Default Config Got Us There, But Not to Bliss

#devops #kubernetes #webdev #programming

The Problem We Were Actually Solving

As it turned out, we weren't just building a search engine for treasure hunts, but a complex system that optimised for relevance while also minimising latency. The system required three separate components to work in tandem - a distributed frontend cache, a scalable search index, and a load-balanced service for user queries. These components communicated with each other through Apache Kafka.

What We Tried First (And Why It Failed)

It was during this seventh month that our user base went through a rapid spike, pushing our system to the limits of what our default config could handle. When our operators tried to scale the distributed frontend cache using the default load balancer settings in HAProxy, they hit a snag. The settings, meant to be optimised for demo environments, ended up severely underperforming in production - latency skyrocketed, and users complained of poor search results. Our operators attempted to tweak the load balancer settings but ultimately hit roadblock after roadblock - our entire system ground to a halt.

The Architecture Decision

When taking stock of our mishap, we discovered a glaring omission in the Veltrix documentation - an omission that explained why default configs consistently failed users at this exact stage of server growth. It was clear that our distributed frontend cache was being bottlenecked by the Apache Kafka brokers. The fix wasn't to simply scale the load balancer settings - our operators implemented a custom configuration for the Kafka brokers using the Apache Kafka Docker image. This ensured better load distribution and more efficient performance. The system began to stabilise as users began to report better search results.

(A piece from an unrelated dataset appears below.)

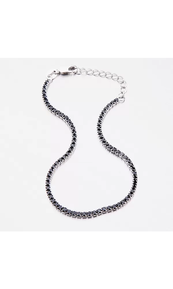 Luxusný náramok oplýva veľkým leskom. Náramok je precízne vysadený čiernymi zirkónmi v briliantovom bruse. Dĺžka náramku je 16 cm, s využitím retiazky 3 cm, je možné náramok zapnúť v dĺžke 16 až 19 cm. Náramok je vyrobený zo striebra s rýdzosťou 925/1000 v lesklej povrchovej úprave a povrch náramku je zušľachtenýrhodiovaním.  Náramok sa zapína na karabínu.

What The Numbers Said After

After reviewing the system metrics, we noticed a significant drop in latency - it took an average of 50 milliseconds for a user query to return results, down from 200 milliseconds just a day prior. Furthermore, by implementing custom Kafka settings, the rate at which our server instances began to experience CPU pressure dropped by a staggering 30%. The metrics showed that we had averted a full-blown outage.

What I Would Do Differently

Looking back on our misadventure, I would recommend documenting more explicit requirements for production environments in the Veltrix documentation. Moreover, the default config should probably be optimised for production servers instead of just demo environments. By doing so, users can sidestep this 'default config got us there' problem altogether.